"Theme of the Traitor and the Hero" (original Spanish title: "Tema del traidor y del héroe") is a short story by the Argentine writer Jorge Luis Borges, originally published in 1944 in number 112 of the review Sur.

Plot
For the centenary of the death of Fergus Kilpatrick, an Irish nationalist hero who led a group of Irish conspirators, and was assassinated in 1824, a descendant called Ryan is preparing a biography. Kilpatrick was killed in a theatre by unknown assailants, with a letter on his body warning him he faced death and after a soothsayer had predicted his end. Spotting these parallels with Shakespeare's plays, Ryan discovers that the oldest of the conspirators, Nolan, was the translator of Shakespeare into Gaelic. Eventually, Ryan works out that the nationalists knew they had been betrayed to the British authorities and Kilpatrick admitted he was the informer.  After sentencing him to death,  Nolan agreed to make his passing a memorable event in Irish history. So Nolan hastily faked the Shakespearean echoes and out of a sordid plot a hero was born. Ryan decides to leave the myth intact.
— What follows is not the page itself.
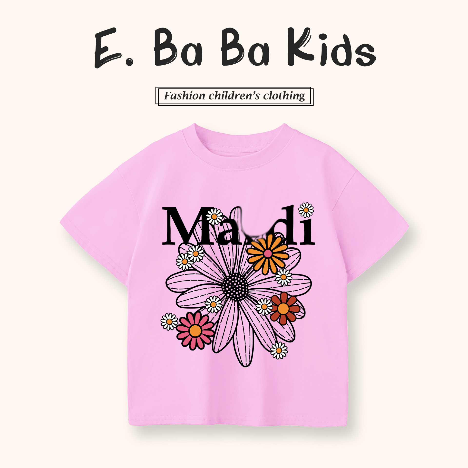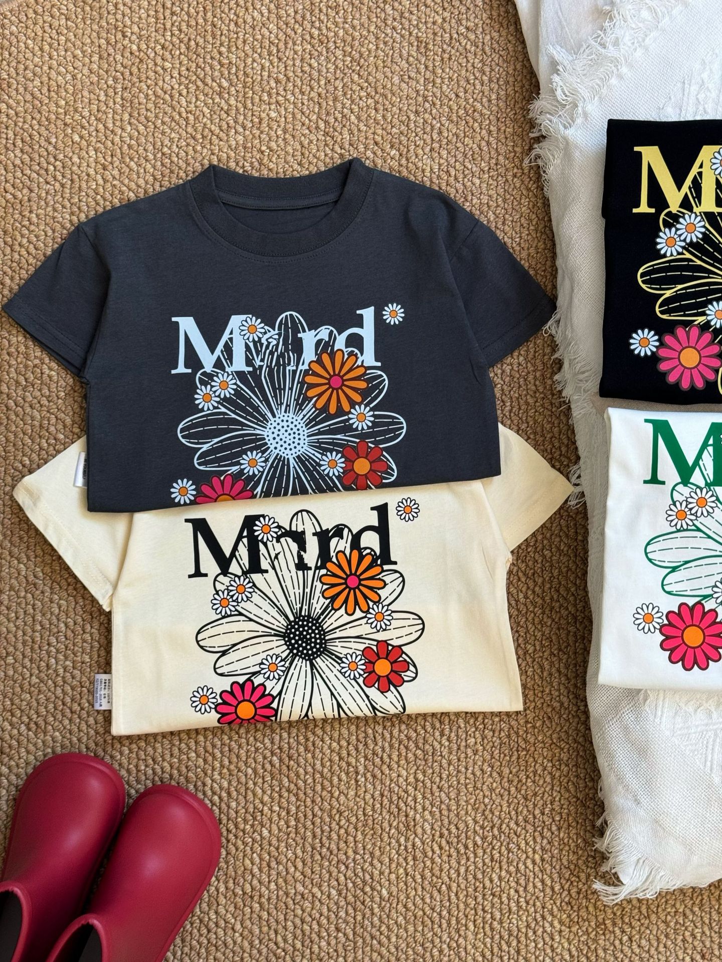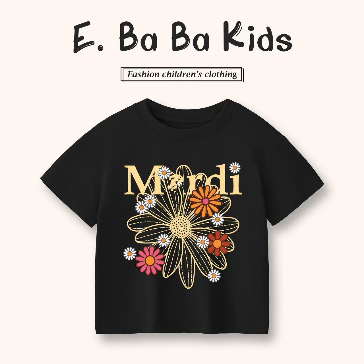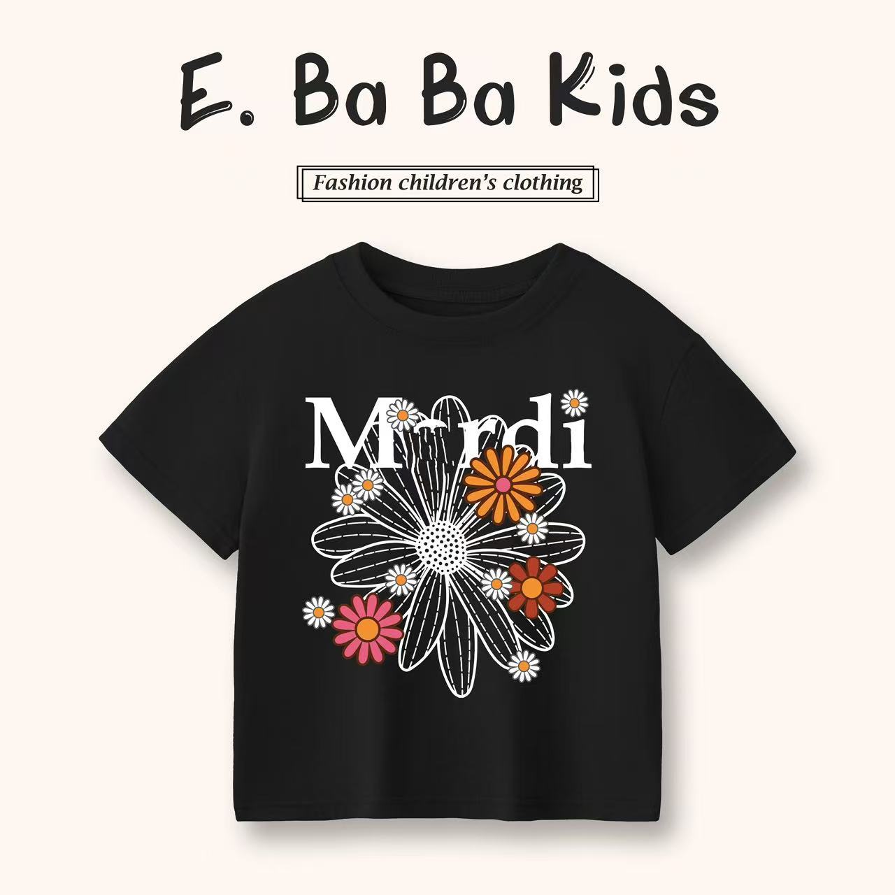 대외 무역 인기 아동용 반팔 티셔츠, 소형 주름 국화, 남아 및 여아용 티셔츠, 아동용 반팔 상의, 한국 트렌디 브랜드 아동복스토어 가기

Literary and philosophical references
In addition to the plays  Julius Caesar and Macbeth, with often heavy irony Borges links his story to many predecessors. Among them are:
Moses, who preceded Kilpatrick as a leader who saw the promised land of freedom for his people but had to die before it was reached.
Hesiod, Vico and Spengler, who saw human history not as linear progress but as a spiral of descent.
Caesar, who saw the British Isles under the grip of obscurantist druids.
Leibniz, who saw the cosmos as an ultimate harmony.
Lincoln, who followed Kilpatrick in becoming a national hero murdered in a theatre.
Browning and Hugo, who in their works celebrated perceived nationalist heroes.
Chesterton, who like Borges enjoyed creating involuted but symmetrical mysteries.

Film adaptation
In 1970 the story was adapted into an Italian film called Strategia del ragno (The Spider's Stratagem), directed by Bernardo Bertolucci. In this version, the conspirators had planned to blow up the Duce Mussolini in 1936 during a performance of Rigoletto.

Sources 
 
 
 

1944 short stories
Mystery short stories
Short stories adapted into films
Short stories by Jorge Luis Borges
Works originally published in Sur (magazine)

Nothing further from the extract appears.